Fortunately, there are programs in place to help organize and improve risk management strategies, even with the rollout of Industry 4.0. ISO 27001, for instance, proposes an information security management standard for effectively managing related risks and appropriately dealing with cyber-threats.

As more data is generated and handled, it’s only natural that new vulnerabilities will appear, as well as many potential vectors of attack. Organizations will have to address these challenges and come up with new ways to protect their operations, digital assets, and sensitive information.

But it’s not all about the security of the data. Beyond cyber risks, it’s also essential that the available information is being properly utilized.

Industrial analytics can enable systems like self-diagnosis for manufacturing gear, identify efficiency bottlenecks, improve supply chain communication collaboration, and so much more. It shows just how critical Industry 4.0, and its related technologies are to the future of manufacturing and the industrial world.

Some of these data points, such as equipment self-diagnosis, lower risks merely by empowering new opportunities. If you know the performance of a machine and can compare those statistics with historical data, you can accurately identify when equipment might fail, malfunction, or die completely.

This significantly lowers risk by allowing for proactive solutions, which is the key to risk management. In that scenario, maintenance crews can repair or service the equipment in advance to prevent downtime. Or, if you know the hardware is going to fail altogether, you can order and have a replacement at the ready.

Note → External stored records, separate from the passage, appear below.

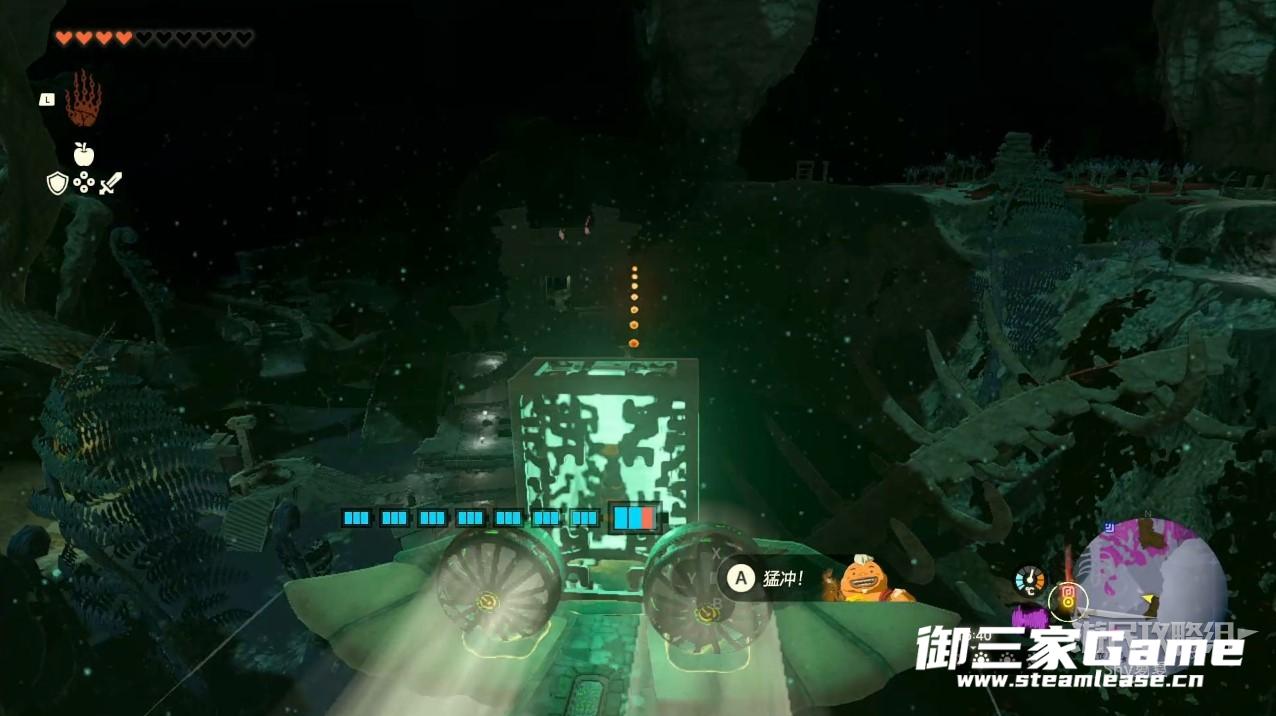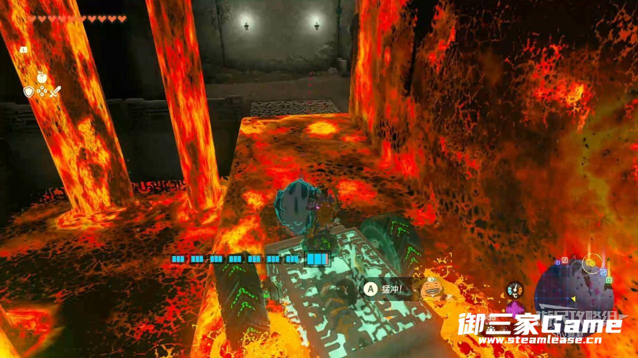 通过之后,装上两个轮子和操纵杆,通过岩浆开到对面。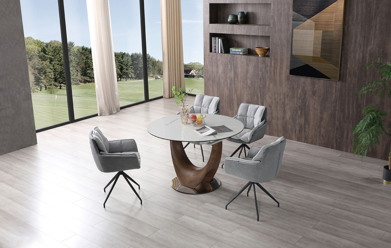 Комплект состоит из круглого раздвижного стола Triumph (Триумф) и поворотных стульев с подлокотниками Lotta (Лотта).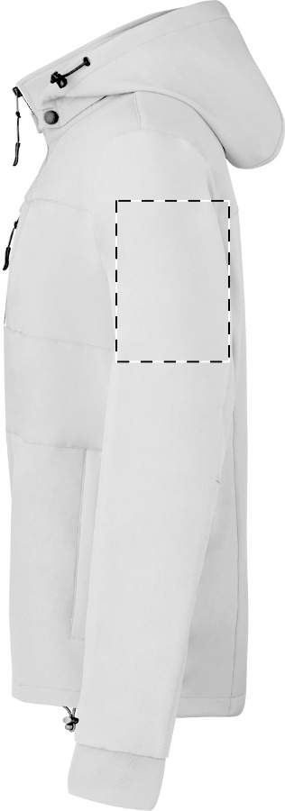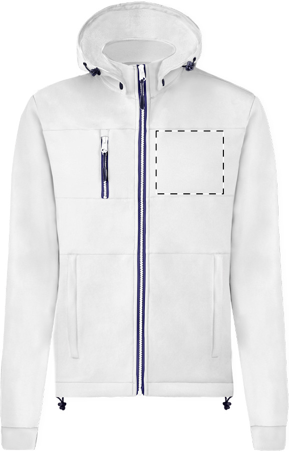 Giacca softshell antivento e impermeabile con zip, 2 tasche laterali, 1 tasca frontale, collo alto e cappuccio staccabile. 100% poliestere, 300 g/m².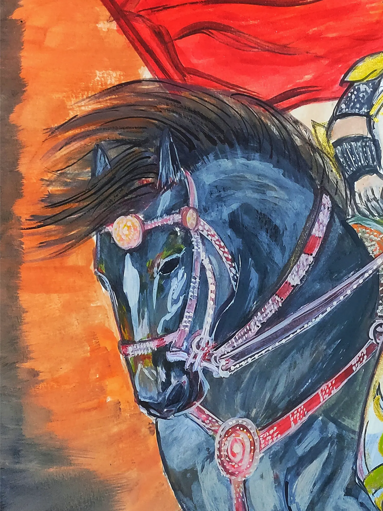 The interplay of light and shadow across the majestic horse and its rider is rendered with striking clarity. You'll appreciate the meticulous detail in the warrior's regal attire, the glint of his sabre, and the determined set of his gaze, all brought to life on a canvas that measures 16 inches in height and 12 inches in width. The deep, rich tones of the horse contrast beautifully with the fiery background, creating a truly immersive experience.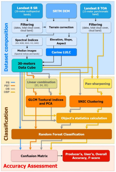 Flowchart of the methodology (Pixel-based, PB; Pixel-based including the image textural information, PBT; Object-Based, OB; Object-Based using the L8 15-m panchromatic band, OBP).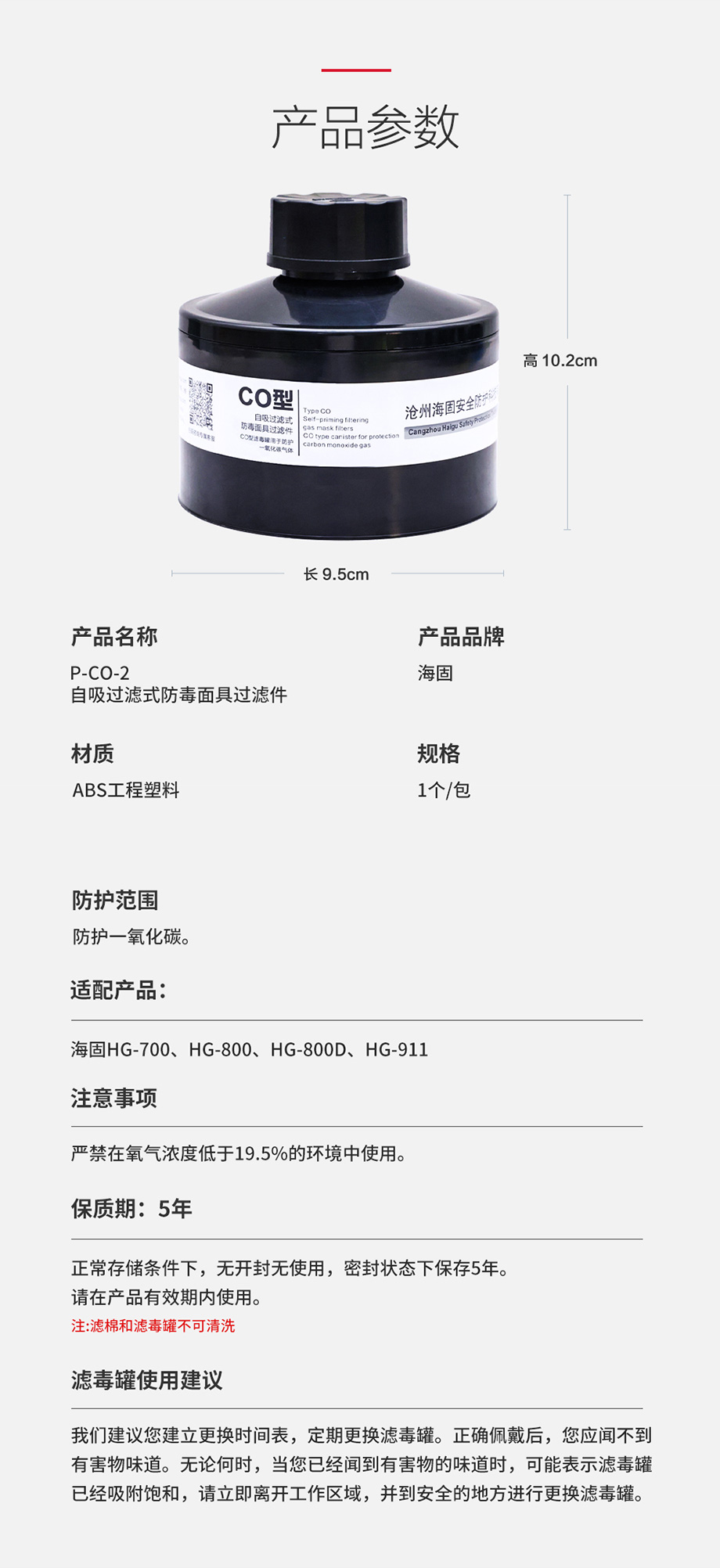 海固P-CO-2濾毒罐 一氧化碳?xì)怏w防護(hù) 5號濾毒罐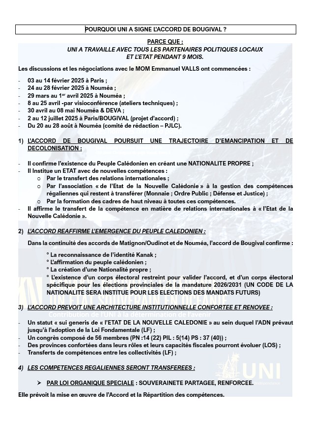 Pourquoi l’UNI a-t-elle signé l’accord de Bougival ? La réponse est simple : parce qu’il est le fruit de neuf mois de négociations intenses, menées avec l’ensemble des partenaires locaux et l’État, sous l’impulsion de Manuel Valls, alors ministre des Outre-mer. De Paris à Nouméa, en passant par Deva et Bougival, les discussions ont permis d’aboutir à un compromis solide. Là où le FLNKS choisit de renier sa signature, l’UNI assume sa responsabilité. Car l’histoire ne s’écrit pas avec des revirements, mais avec des engagements tenus.
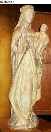 Kalkstein ; Metall (Gold) / bemalt ; vergoldet
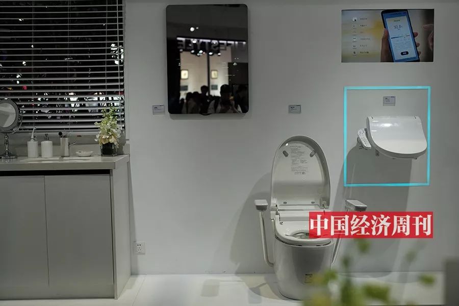 和检测笔,把试纸插在检测笔中,滴几滴尿液,手机APP 很快就能显示出蛋白质、酸碱度、肌酐等检测结果。另一边的扶手中则藏着一块磁片,配合马桶圈上的两块磁片,当使用者坐下来,手搭在扶手上,4 秒至5 秒钟就能测出体脂,同时生成健康建议。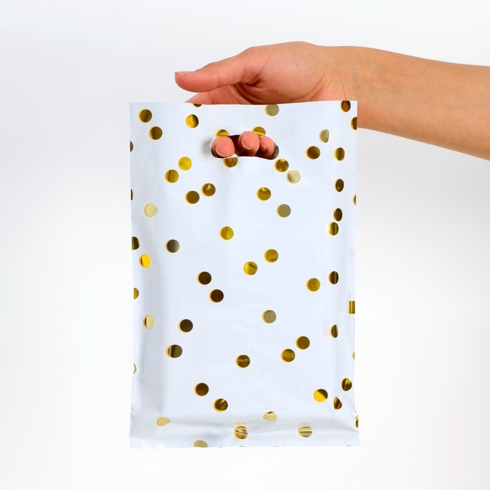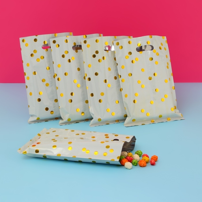 Набор подарочных пакетов, металлизированныей, "Горох" белый 17х25 см , 20 микрон 10 шт набор

This brings up an important distinction, and it’s that Industry 4.0 data is flowing, processed, and available in real-time. Because these solutions are always-on and constantly reporting information, manufacturers can react at unprecedented speeds. Again, this contributes to a more proactive approach, as opposed to reactive, which is crucial to successful risk management programs.

Industry 4.0 Tricks of the Trade: A New Normal

While many have hailed Industry 4.0 as a revolution, and rightly so, it’s not all that different from previous operational generations. The most significant difference is that you’re taking the digital insights and applying them to future actions and events. Most importantly, it’s about doing that as an automated and smarter process to boost efficiency, output, and reliability.

Initially, that lowers risk by eliminating some of the operational challenges you might see without Industry 4.0 in place. At the same time, it also increases risk in other areas, namely in IT and cybersecurity.

That makes it clear that Industry 4.0, as beneficial as it may be, still comes with a unique set of challenges and complications, which we all must acknowledge and react to. We must prepare, plan, and react to ensure risks new and old are accounted for. What is that, if not the general foundation for risk management?